Data extracted from a collection
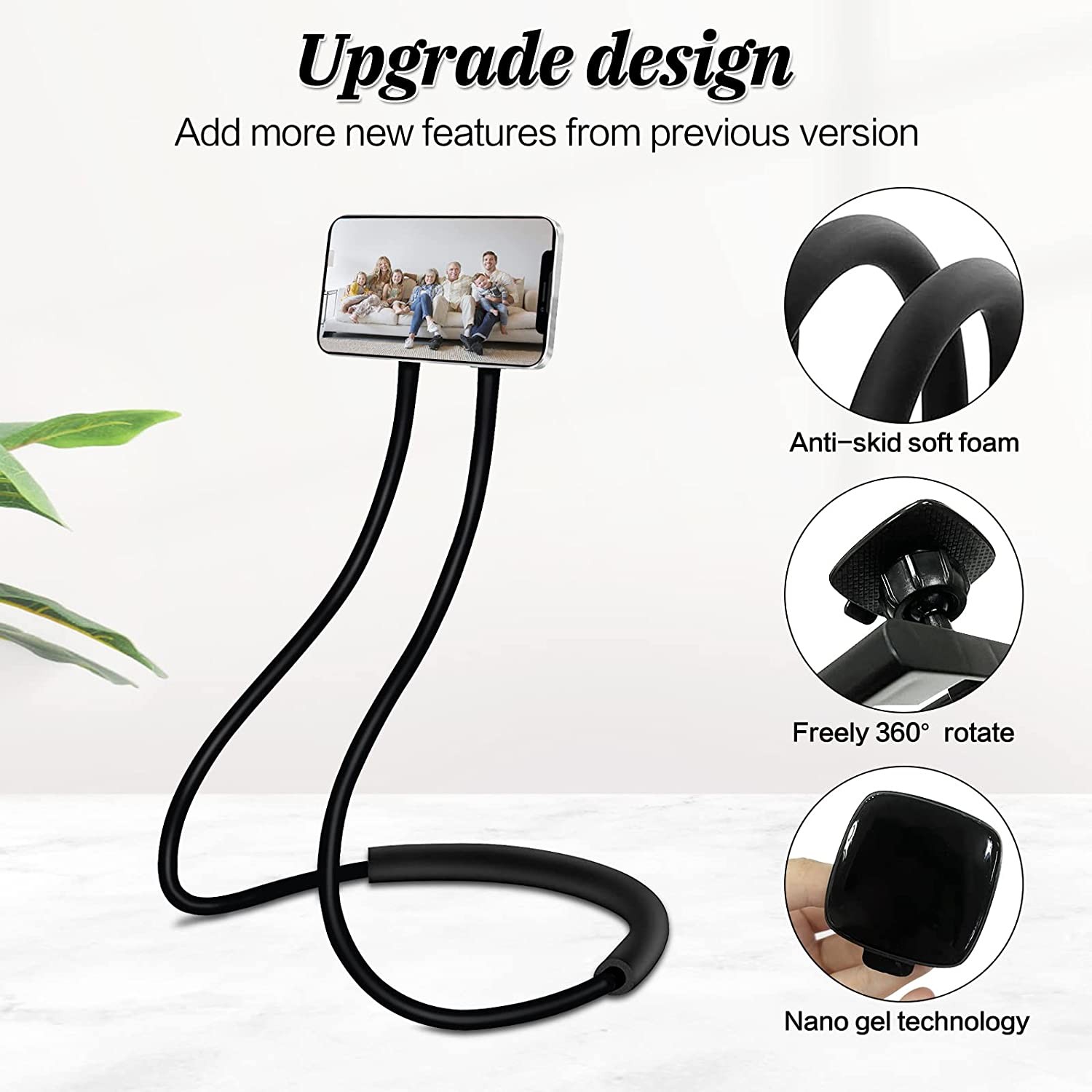 【EASY TO USE】Apply the newest nano gel technology, not as complex as the previous common clip design, just tear off the protective film and stick the phone on it. You can complete the installation less than 3 seconds, then you can enjoy it and use this phone neck holder everywhere. And it is removable and traceless, no damage to your phone. Also you can get a bonus: a replaceable collet
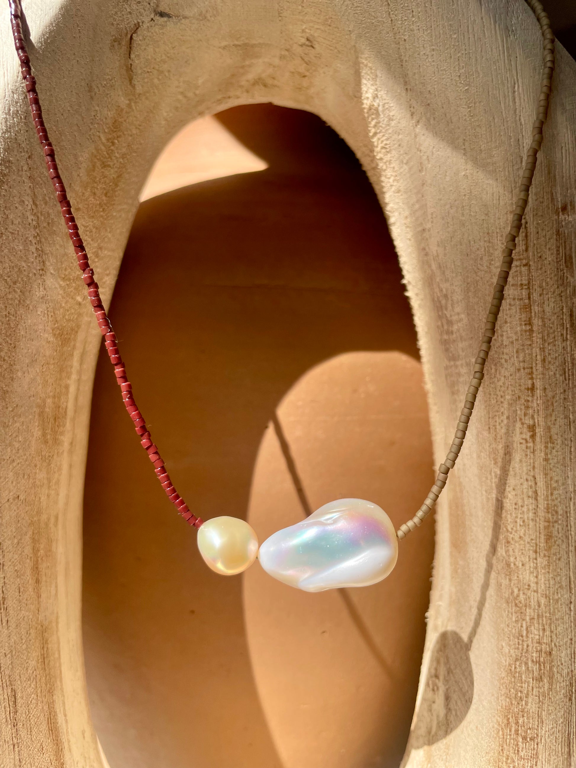 Freshwater pearls + Japanese glass beads + Sterling Silver Clasp.
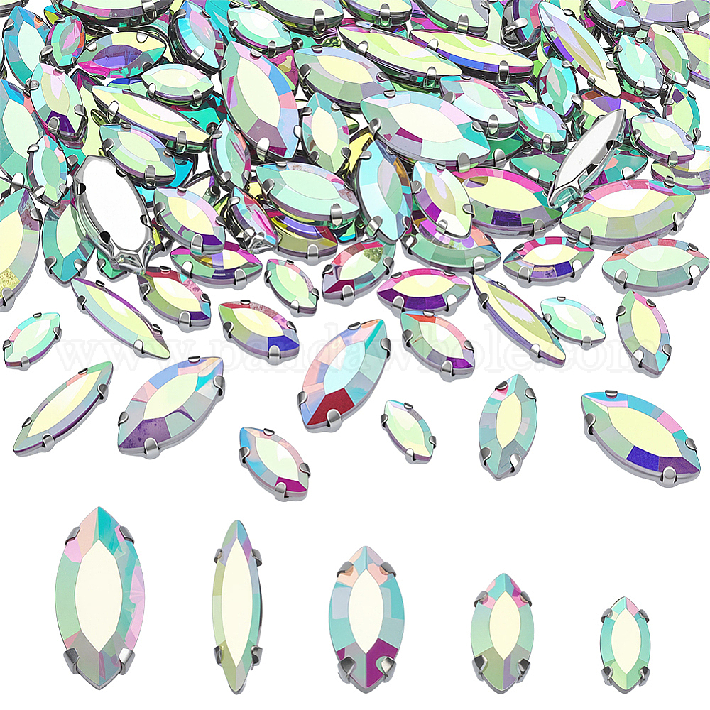 • Хрусталь AB 120Шитье со стразами, многожильных ссылки, стекло горный хрусталь, с латунными зубцами в платиновых тонах, лошадиный глаз , хрусталь AB, 8~15x4~7x3.5~5 мм, отверстие : 0.8~1 мм
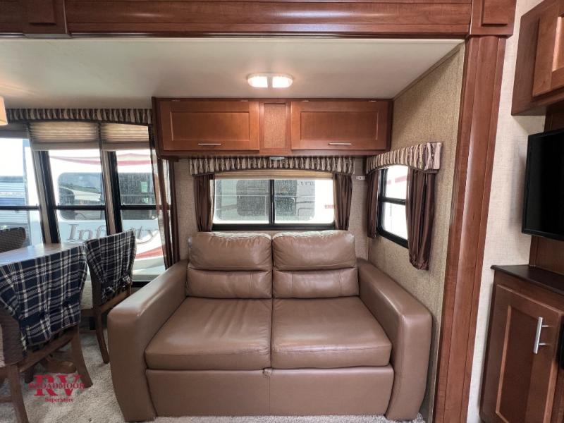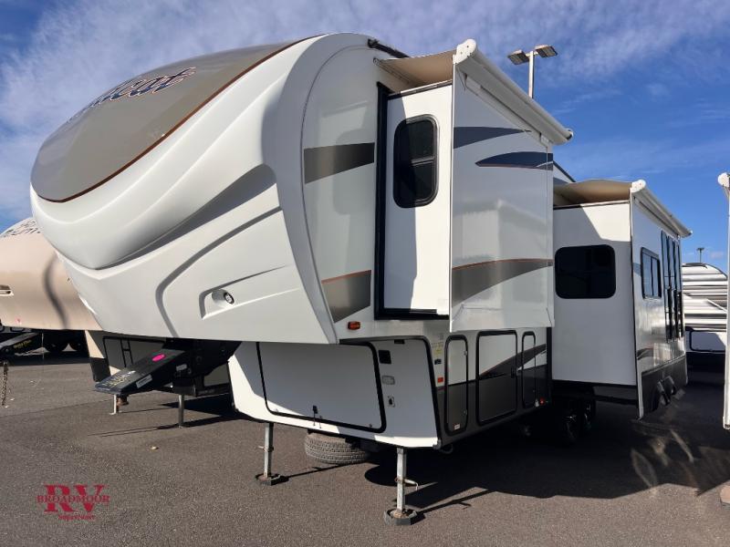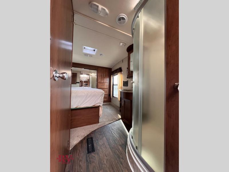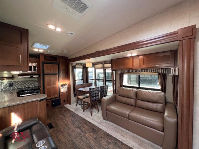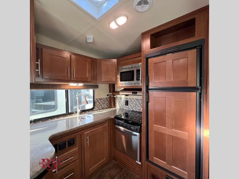 With all of the overhead cabinets inside the fifth wheel there should not be a problem with storage. The outside offers a pass through slam latch so you can easily access your items throughout your camping trip, and more!
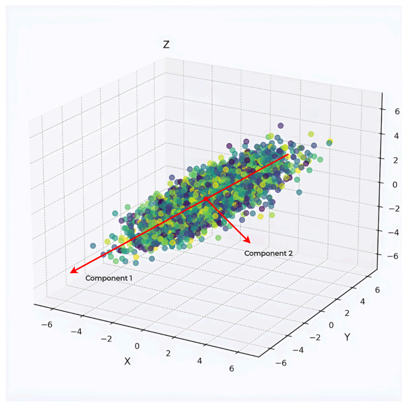 Principal Component Analysis (PCA) rests on linear algebra, transforming a dataset into a new coordinate system by leveraging the covariance structure of its features. For a dataset with \( n \) observations and \( p \) features, represented as a matrix \( X \in \mathbb{R}^{n \times p} \), PCA computes principal components as directions that maximize variance. This process involves a series of well-defined steps, grounded in matrix operations and eigenvalue decomposition.
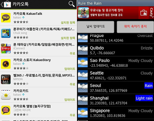 인기 앱의 배경 화면을 바꿔주거나 특정 기능을 이용할 수 있도록 돕는 ‘테마앱’이 화제다. ‘카카오톡’으로 검색하면 나오는 다양한 ‘테마앱’(왼쪽)과 인기 소셜 네트워킹 게임 ‘룰 더 스카이’에서 사용자의 위치를 속여주는 앱. 사진출처|구글 플레이
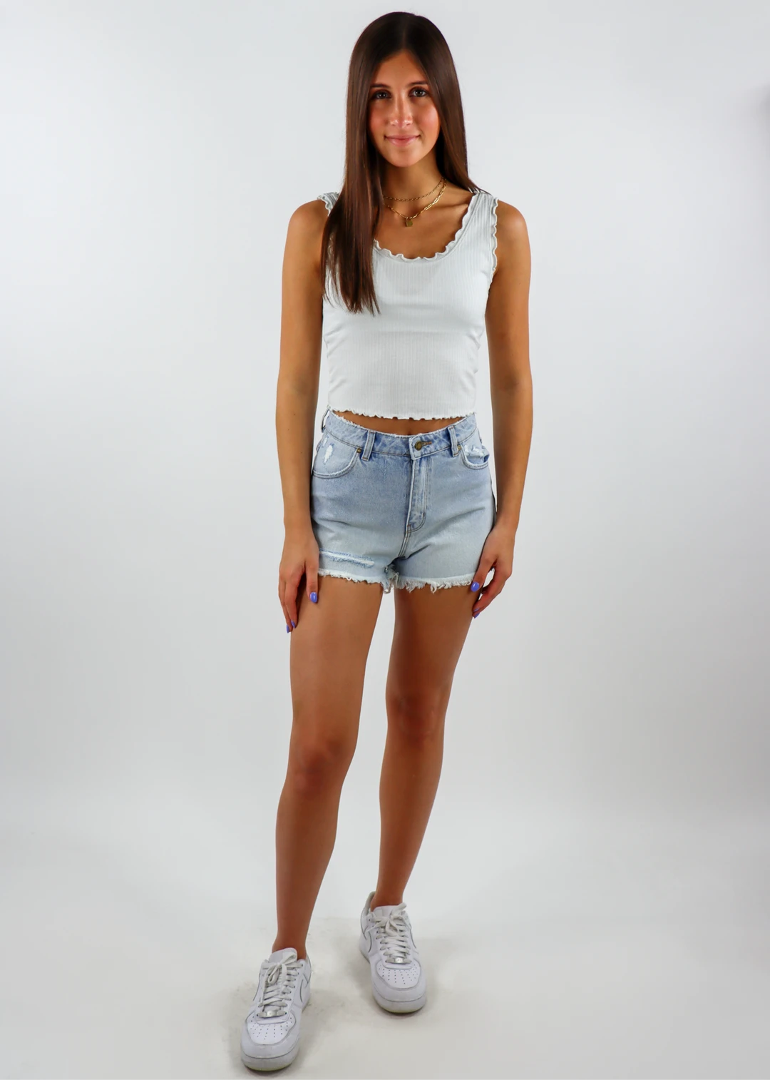 This heather grey crop tank top is a must-have! It features lettuce-edge trim and ribbed material that adds a perfect trendy twist to this basic piece. We love the versatility and comfort!
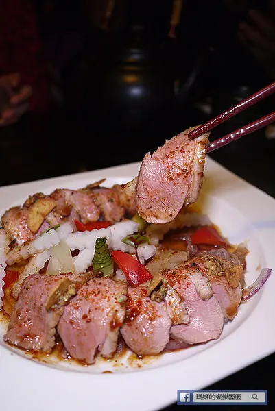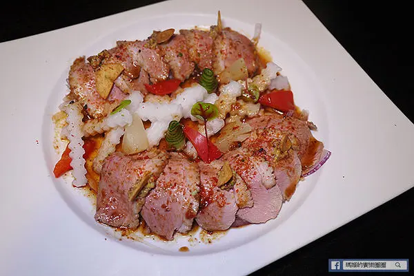 「麻香梅汁嫩鴨」280元,這是一道很讓人分泌口水的料理,主廚展現刀功將薄嫩的鴨肉刀刀落下,在搭配山藥、小黃瓜片、紅椒和洋蔥絲等蔬食,排列成一道「美食」即好看又好吃!
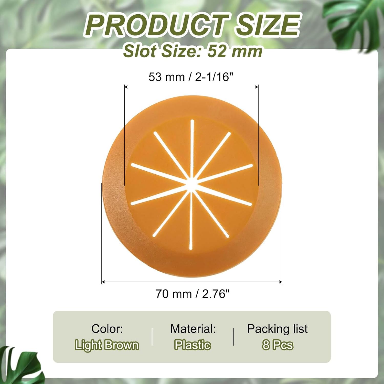 - Color: Light Brown; Material: Plastic; Inner Diameter: 53 mm / 2-1/16"; Slot Size: 52 mm / 2.05 inch; Total Size: 70 mm / 2.76 inch; Packing List: 8 Pcs x Desk Grommet
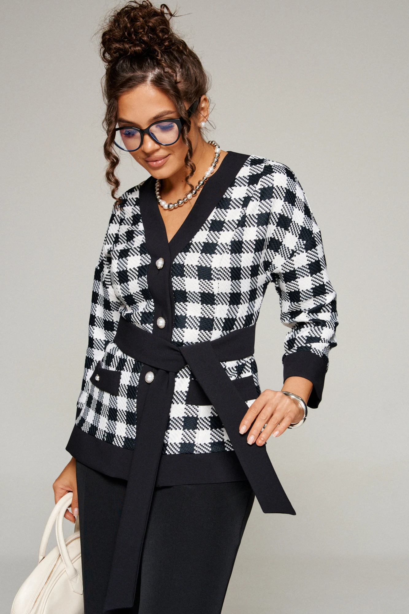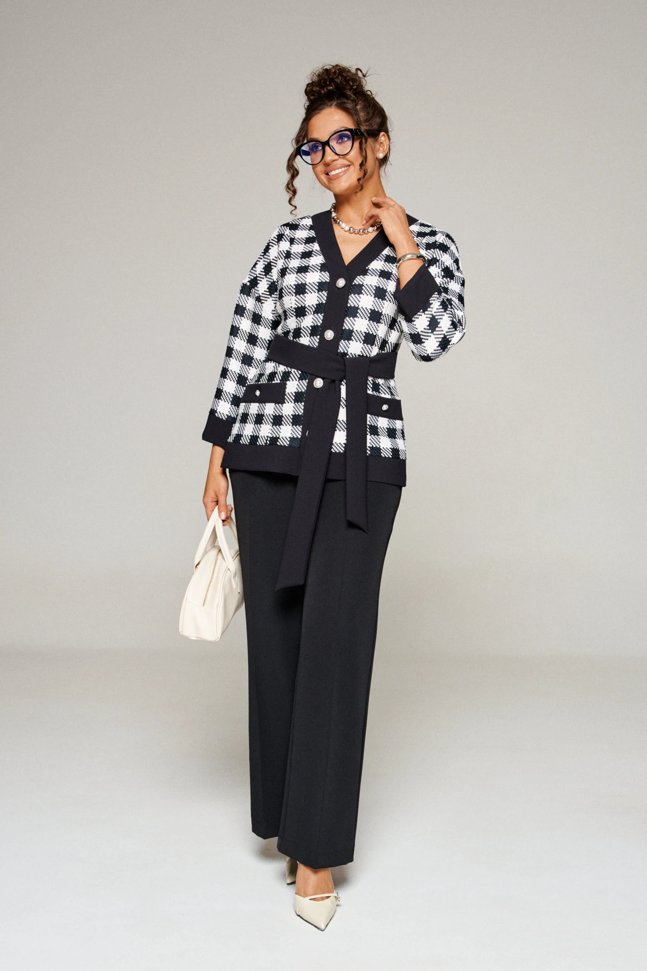 Брючный костюм Beautiful&Free 6352 клетка чёрно-белая двойка
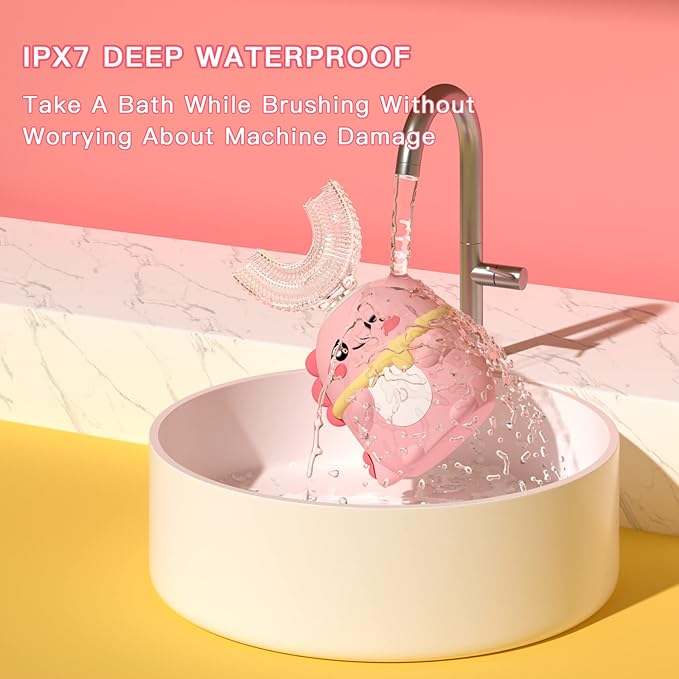 • Two Brush Heads Options: Kids electric toothbrushes provide two brush heads, food-grade silicone u-shaped brush head and soft brush head, U-shaped design is perfect for toddlers and children's teeth, soft silicone, providing a comfortable brushing sensation, thus developing healthy brushing habits, with the soft brush head for more efficient deep cleaning
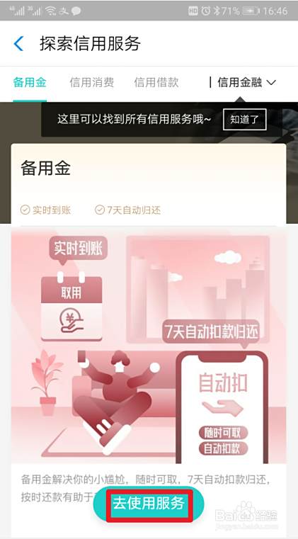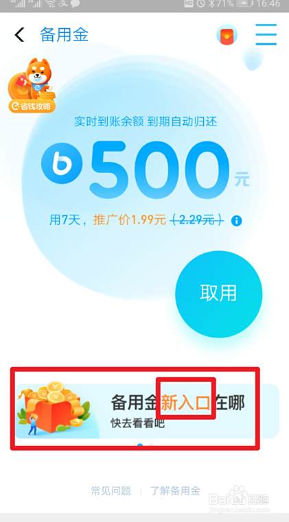 3.在备用金下方看到提示备用金新入口在哪,点击马上去看看。
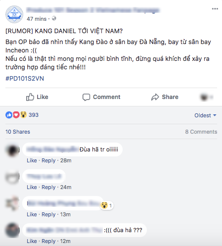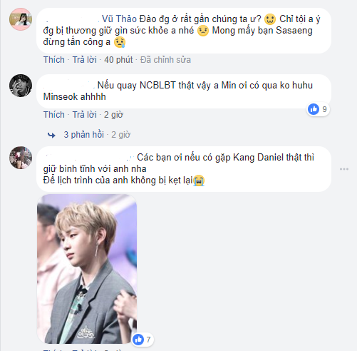 Bên cạnh đó, nhiều fan cũng khá lo lắng kêu gọi mọi người bình tĩnh nếu thông tin Kang Daniel đến Việt Nam là thật và không nên chen lấn vì thành viên nhóm Wanna One đang bị thương ở tay.
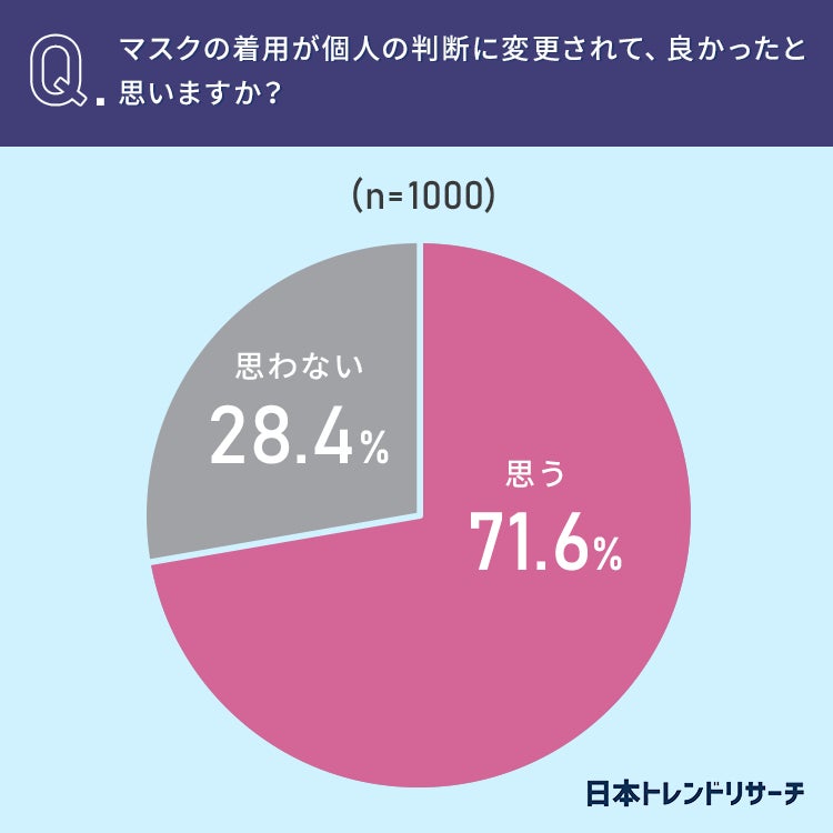 71.6%と半数以上の方が、マスクの着用が個人の判断に変更されて「良かったと思う」と答えました。

The problem: Look above for the line with "Freshwater pearls +" and the line with "With all of". Copy them and every line between, exactly, but no pictures.

Final answer:
 Freshwater pearls + Japanese glass beads + Sterling Silver Clasp.
 • Хрусталь AB 120Шитье со стразами, многожильных ссылки, стекло горный хрусталь, с латунными зубцами в платиновых тонах, лошадиный глаз , хрусталь AB, 8~15x4~7x3.5~5 мм, отверстие : 0.8~1 мм
 With all of the overhead cabinets inside the fifth wheel there should not be a problem with storage. The outside offers a pass through slam latch so you can easily access your items throughout your camping trip, and more!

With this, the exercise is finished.